“Non ricordavo del vostro viaggio in Inghilterra. In questo momento non ricordo nemmeno del tuo malanno ai piedi. Che cosa è stato, perché non me ne avete mai parlato? Né tu, né mamma intendo. Quante altre cose mi sono persa nel frattempo? Dov’ero?”
Rispondere alle sue domande significava scrivere un trattato sulle occasioni che ho mancato, sul mio stare lontano, e le mie alzate di voce prima di aver capito, sul suo stare lontano per legittima ritorsione, o per sacrosanta difesa. Non basta volersi bene, bisogna fare pratica ed è faticoso alle volte. Sono stato avaro anche in questo. “Ti sto raccontando favole, cara, non dimenticarlo.” Soffiò forte contro il soffitto perché il mio tagliare corto non la convinse neanche un po’: “Vorrei stendermi, se non ti spiace, sento che la debolezza mi sta di nuovo prendendo dal basso e pare allargarsi a macchia d’olio sul resto del corpo.” Girai la manovella e lei tornò in posizione supina. Erano le due e dieci e non aveva voglia di arrendersi. Mi disse, guardando fuori dalla finestra, che aveva un grande universo davanti a sé e che non ci avrebbe rinunciato facilmente. Io non la incoraggiai, ma sapevo per certo che lei non avrebbe indietreggiato di un solo passo. “Credi sul serio che Rubber Soul, o come diavolo si chiama, sia stato il loro album migliore?” chiese.

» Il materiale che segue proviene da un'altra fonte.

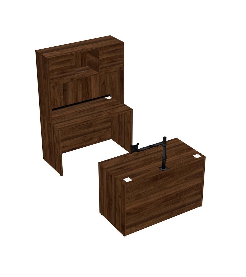 Office Parallel Desk Credenza Desk + Hutch + Monitor Arm (single Arm)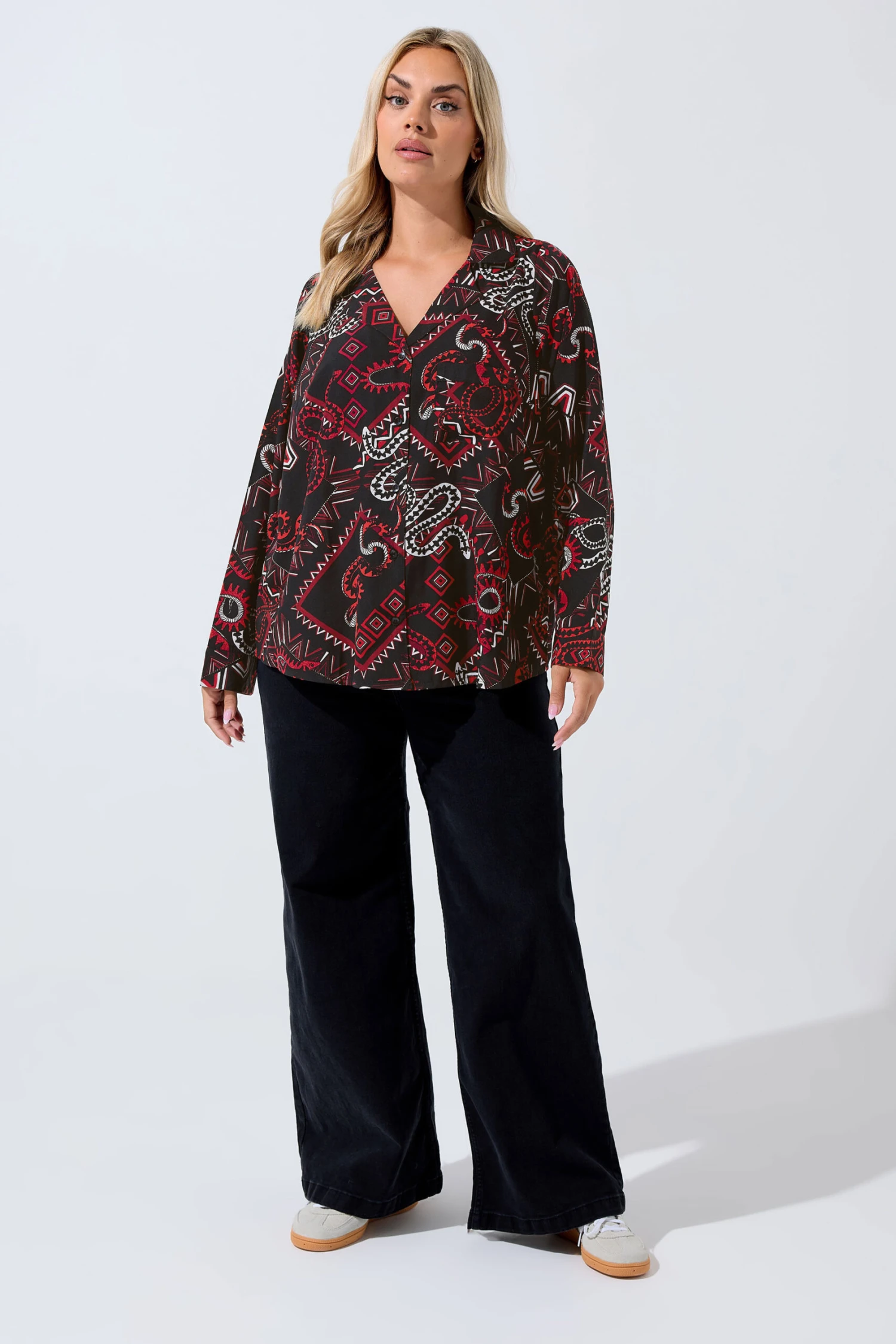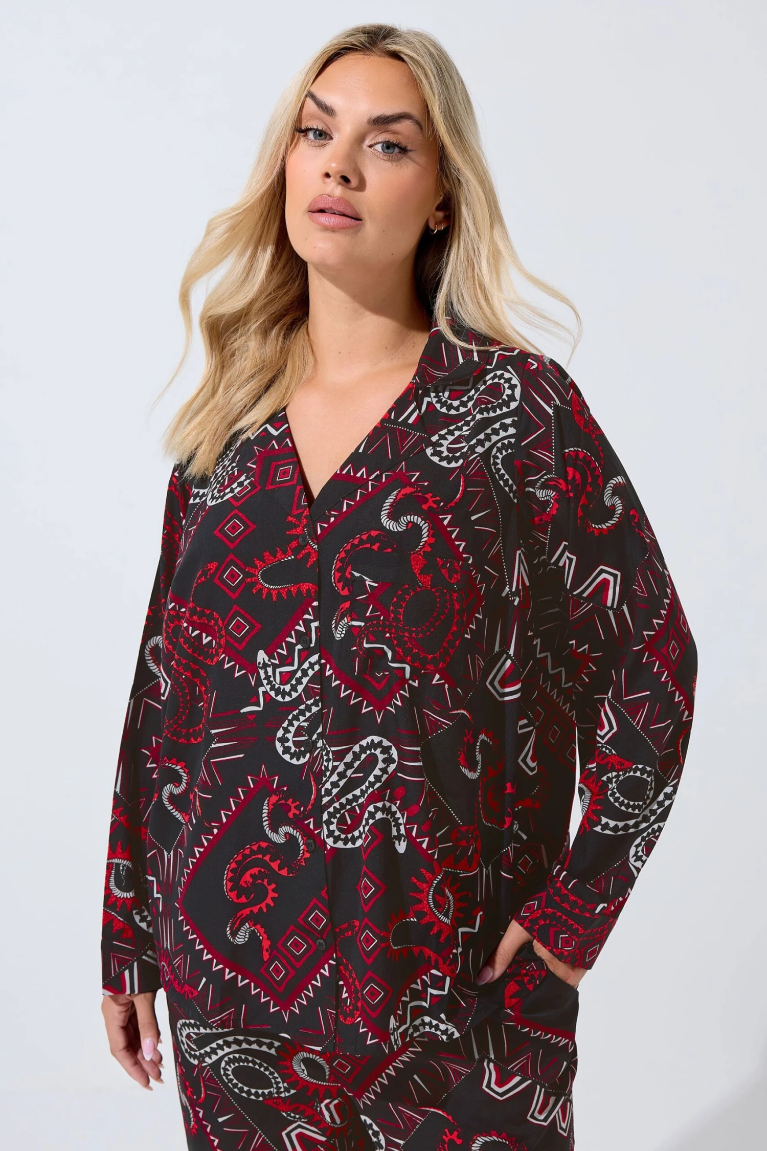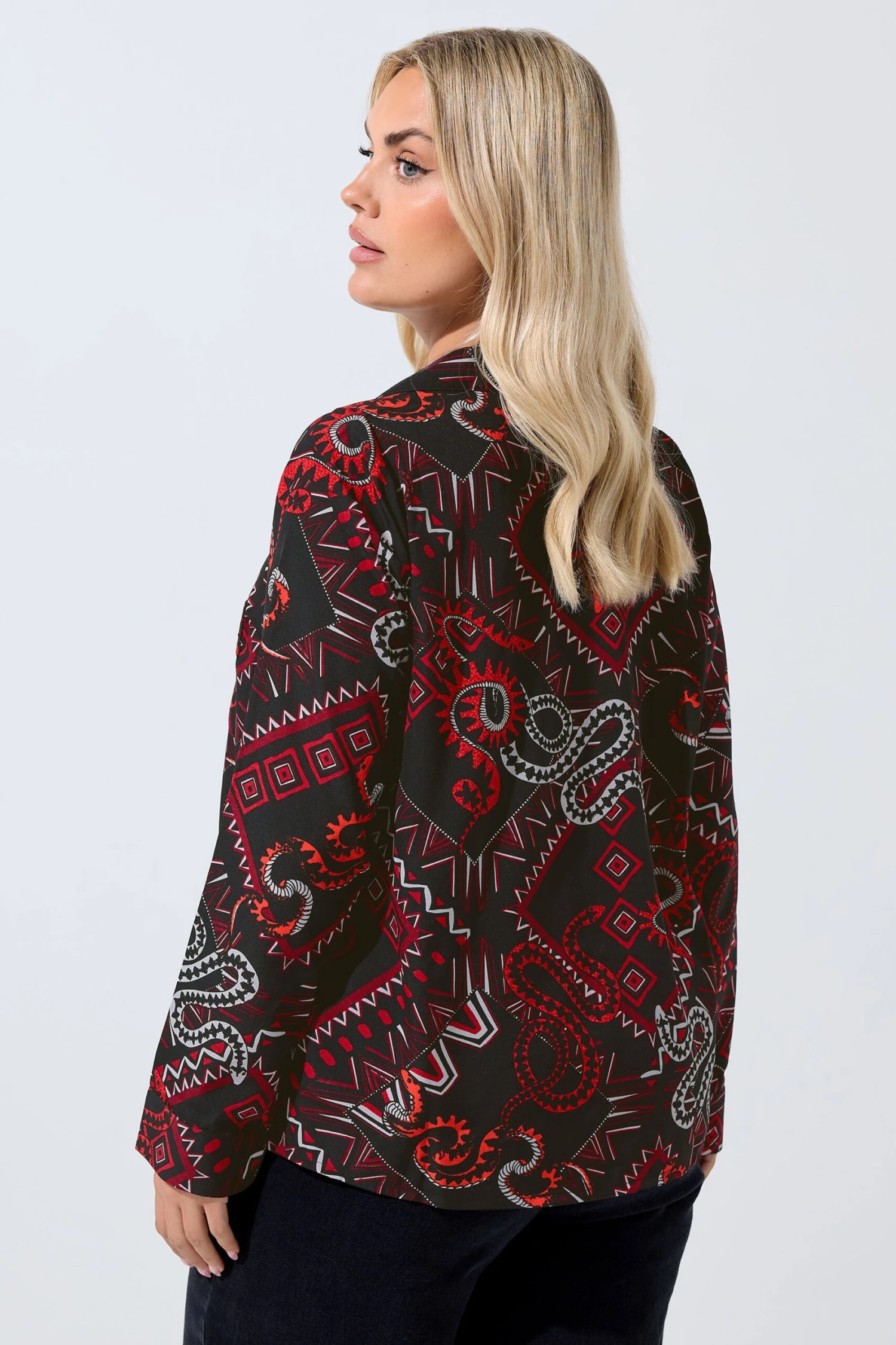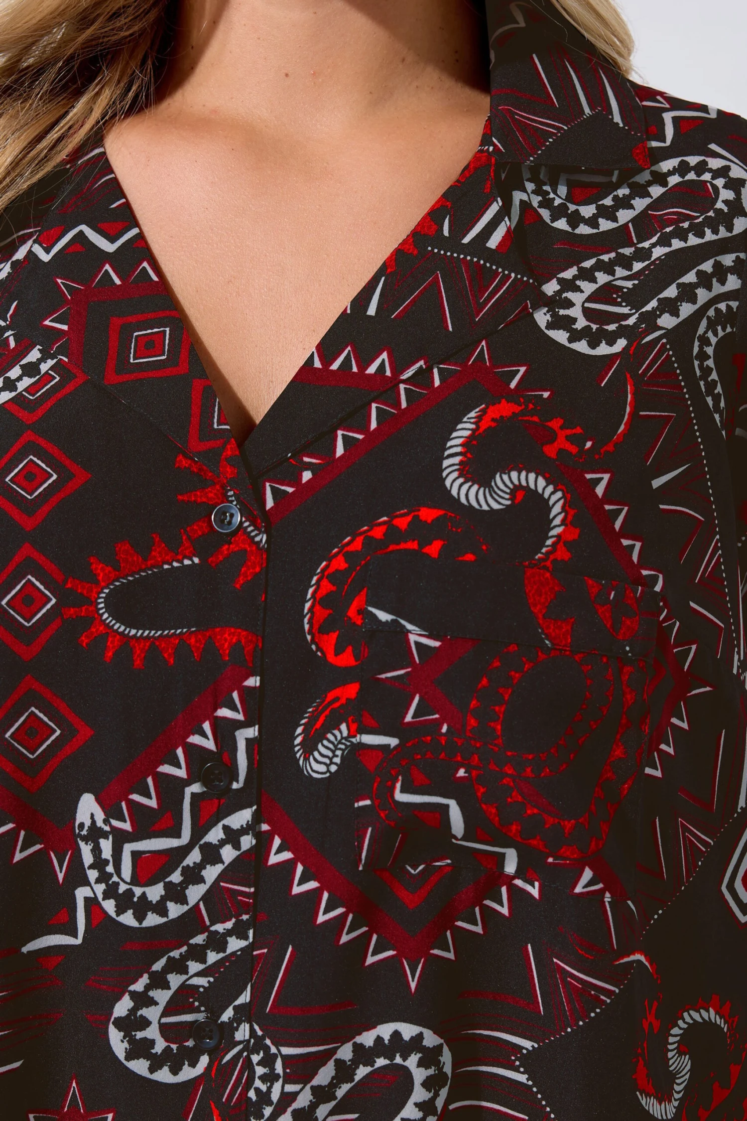 Complétez vos tenues favorites de saison en y ajoutant du caractère avec notre chemisier noir et rouge design aztèque.

“No, non so dirti quale sia stato l’album migliore. Ogni volta però che si parla del loro disco più bello, Rubber Soul non compare mai nella lista e ritengo sia un peccato. Tutto qui.”
“Anch’io ho una confessione da farti. A un certo punto della mia vita, un po’ di anni dopo che la finii col canto per intenderci, avrei voluto imparare a suonare il violino, poi ho rinunciato a quella idea, non so dirti perché.”
“Non devi fartene un cruccio. Rinunciamo ogni giorno a qualcosa di importante. Pensa invece a tutto quello che sei riuscita a mettere insieme fino a ora, e, credimi fortemente, sei appena agli inizi…”
“Tu cerchi di distrarmi ma io so che hai ancora un sacco di cose da parte per me. E sbrigati che tra poco è mattino.”
“Neanche io immaginavo di questa tua passione fugace per il violino, sai. Mi hai fatto venire in mente una cosa che una volta lessi in appendice a un grosso volume di racconti che parlava della Rivoluzione d’ottobre. Se non ricordo male, comprai quel libro ai tempi del centenario…”
Si spostò dalla mia parte e assentì, e io mi resi conto di non aver più nessuna voglia di trattenermi, perché le sciocche favole che raccontavo rimestando nei ricordi e nelle mie viscere ignote, senza rinunciare a certi passaggi dettati da un impalpabile desiderio d’improvvisazione, ripulivano l’aria dalla polvere e dall’odore di vecchio e parevano portarsi via detriti che si erano depositati negli anni sulla sponda in comune della mia e della sua vita.